We are working on extracting attributes (brand, shape, color etc) from raw product descriptions. The text is short and noisy and highly contextual and the labeling of attributes for training ML models is costly. I discuss how we build a deep sequence CNN-BiLSTM-CRF model in Pytorch to extract attributes from noisy text with minimum labeling using an active learning approach.
At Clustr, I am working on converting raw product data available with SMEs to structured catalog. One of the key tasks of building catalogue is extracting attributes from raw product titles. Typical attributes include Brands, Color, Shape, measurement etc. Product titles are usually very short text describing the product without any significant grammar. The titles are very dependent on the user which generates very noisy text with abbreviations, spelling mistakes, omiitted text, improper spaces, transliteration etc. The additional challenge is availability of labeled data to train a machine learning model on this. The product data we receive is not labeled and labeling is a costly excercise. I show how we built a deep sequence model with CNN, BiLSTM and CRF architecture and tuned it using active learning methods for this task.
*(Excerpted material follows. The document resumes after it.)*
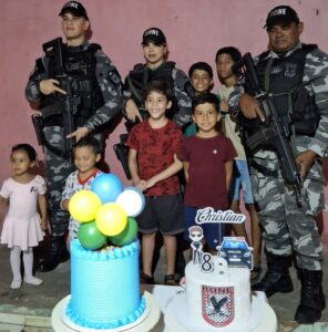 Polícia Militar realiza surpresa em aniversário de criança autista fã da corporação em Teresina

I will discuss various deep sequence models combined with conditional random fields to label attributes from such text and outline pros and cons of different architectures. The model uses pretrained word embeddings. I will outtine some of the challenges of sparse tokens and noise while building our domain specific word embeddings. A key aspect of the problem is the lack of labeled data and high cost of getting this data. To minimize the cost of labeling I trained our model using an active learning approach. The active labeling requires sampling strategies such that minimum labeling can have maximum improvement in model performance. I implemented both model confidence based sampling and data coverage based sampling such that we are able to label examples which the model is least confident about and which are very different from the existing training examples. The active learning examples in a single training iteration were only about 1000 examples. Training models with such few examples required us to be very careful about overfitting in training. I will also talk about how I regularized the model.
To rapidly iterate in experiments I created an experimental setup which allowed rapid changes and traceability. It was challenging to measure the performance of the model and understand the limitations of the model. To do this more effectively, I tracked various metrics to measure the performance of the model including various metrics relevant to the Named Entity Tasks. These metrics were very informative in identifying the gaps in the model. I will discuss these in detail.
Overall this talk will provide audience a good in depth understanding of how deep sequence models are built in Pytorch for challenging information extraction tasks. They will understand the pros and cons of different architectures, things to keep in mind while tuning such deep models and how active learning is performed in deep sequence models.